Hundreds of demonstrators demanding equal citizenship and pensions rights for former Gurkhas have descended on Westminster, amassing outside the Ministry of Defence and the Houses of Parliament.
The protesters - marching peacefully but clearly angry - had expected to meet David Cameron in Downing Street to deliver a petition against what they say is unfair treatment by the UK government. However they allege the PM cancelled the meeting two weeks ago, something which has clearly led to fury among those campaigning for Gurkhas' rights.

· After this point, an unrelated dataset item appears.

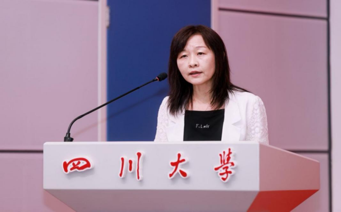 经济学院党委书记熊兰向参与学院120周年庆祝大会的嘉宾和校友表达了祝福与感谢,她回顾了川大经济学院走过的120周年辉煌历程,并向为经济学院发展做出贡献的校友表示致敬。

Nabina Gurung, a representative from the newly-formed action group Enough Is Enough, told HuffPost : We were supposed to have a little chit-chat with the prime minister himself, however because of his busy schedule he couldn't meet us.

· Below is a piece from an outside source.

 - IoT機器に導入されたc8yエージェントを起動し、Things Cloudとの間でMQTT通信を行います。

"We did hand over a petition to his secretary," she said. "Hopefully although we know that there's greater problems, the problems we are facing are too much to bear. So I hope he reads the petition."
Garung said they were told a fortnight ago that the PM's meeting with them had to be cancelled. "We had been planning this for some time," she told us.
The Gurkas - Nepalise soldiers who have fought alongside the British army for more than 200 years - won a long battle to be able to settle in the UK in 2009, when then home secretary Jacqui Smith bowed to immense pressure, led by the actress Joanna Lumley.
However since then the Gurkhas have continued to protest at a decision to block those who retired before July 2007 to join the regular UK armed forces pensions scheme. They say they receive a third of the pension handed to UK-based soldiers.
Nabina Gurung told us: "When Joanna Lumley helped this campaign forward, the Gurkhas were given a settlement grant and we were pretty happy with it, but we didn't know the consequences after getting the settlement. The veterans have come to this country and are suffering a lot. The government is just blindfolded, they're not willing to treat us as equal as the British soldiers. We want equal rights."
Among the crowd were British people who are not related to former Gurkhas but who have strong sympathy with their cause. Sadia Awan from London said she was marching in solidarity. "They deserve to be part of this country, just as we are," she told us. "I believe in their cause and I think just as my family fought to be in this country, so should they be allowed to, because they actually did more."